@patrickvonplaten has written an excellent blog post on Boosting Wav2Vec2 with n-grams in Transformers but this doesn’t demonstrate how to use
Wav2Vec2ProcessorWithLM
dynamically with a pre-trained wav2vec2 model, i.e. without creating a new version of the model that has the LM statically included, via the Pipeline
API.
This was addressed, again by @patrickvonplaten, in an issue in the Transformers GitHub: How to use Wav2Vec2ProcessorWithLM in pipeline? #16759. However, following this example doesn’t seem to work with a different pre-trained model, e.g.

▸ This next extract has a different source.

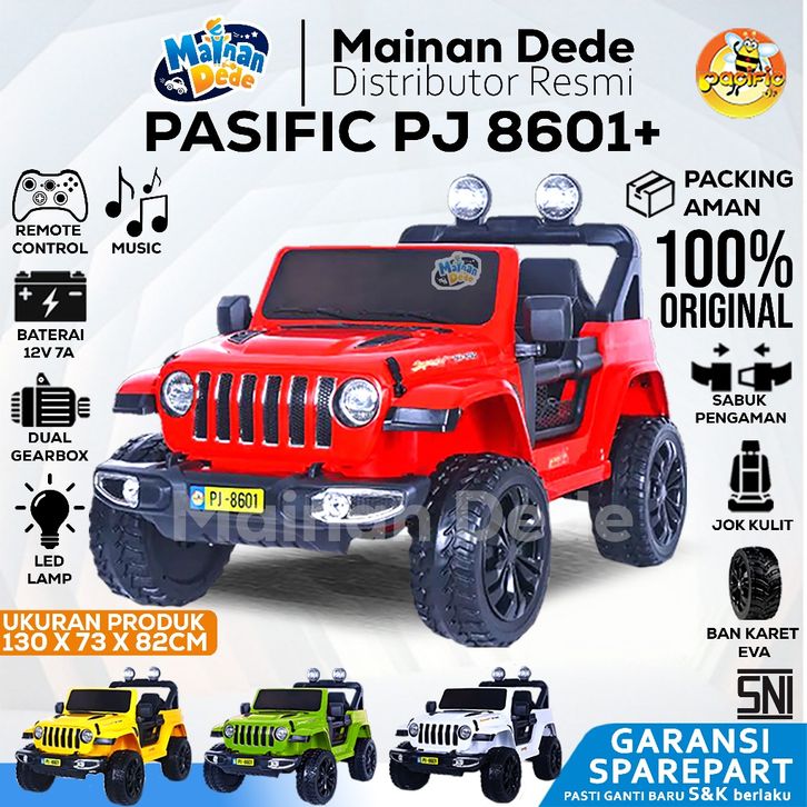Termurah Mainan Mobil Aki Anak Jeep Rubicon Pacific Pj8601+ Ban Karet Jok Kulit

processor = transformers.Wav2Vec2Processor.from_pretrained(
"facebook/wav2vec2-base-960h"
)
decoder = pyctcdecode.build_ctcdecoder(
labels=list(processor.tokenizer.get_vocab().keys()),
kenlm_model_path=KENLM_MODEL_PATH,
unigrams=get_unigrams(),
)
processor_with_lm = transformers.Wav2Vec2ProcessorWithLM(
feature_extractor=processor.feature_extractor,
tokenizer=processor.tokenizer,
decoder=decoder,
)
pipeline = transformers.pipeline(
model="facebook/wav2vec2-base-960h",
tokenizer=processor_with_lm,
feature_extractor=processor.feature_extractor,
decoder=decoder,
)
print(pipeline(WAV_FILE_PATH))
which fails with
Traceback (most recent call last):
File "/media/vm/repos+venv/repos/qspeech/projects/new_approach/hugging_face/error_example.py", line 45, in <module>
result = pipeline(WAV_FILE_PATH)
File "/home/ubuntu/.conda/envs/venv/lib/python3.9/site-packages/transformers/pipelines/automatic_speech_recognition.py", line 182, in __call__
return super().__call__(inputs, **kwargs)
File "/home/ubuntu/.conda/envs/venv/lib/python3.9/site-packages/transformers/pipelines/base.py", line 1067, in __call__
return self.run_single(inputs, preprocess_params, forward_params, postprocess_params)
File "/home/ubuntu/.conda/envs/venv/lib/python3.9/site-packages/transformers/pipelines/base.py", line 1091, in run_single
outputs = self.postprocess(all_outputs, **postprocess_params)
File "/home/ubuntu/.conda/envs/venv/lib/python3.9/site-packages/transformers/pipelines/automatic_speech_recognition.py", line 377, in postprocess
text = self.tokenizer.decode(items, skip_special_tokens=skip_special_tokens)
TypeError: decode() got an unexpected keyword argument 'skip_special_tokens'
But, if I add the following line immediately before creating the pipeline
processor.feature_extractor._processor_class = "Wav2Vec2ProcessorWithLM"
then it works correctly.
I’ve not seen any examples where the _processor_class
attribute of the feature_extractor
needs to be set like this so I’m clearly doing something wrong. What is the intended approach to doing this that avoids the need to set a private attribute?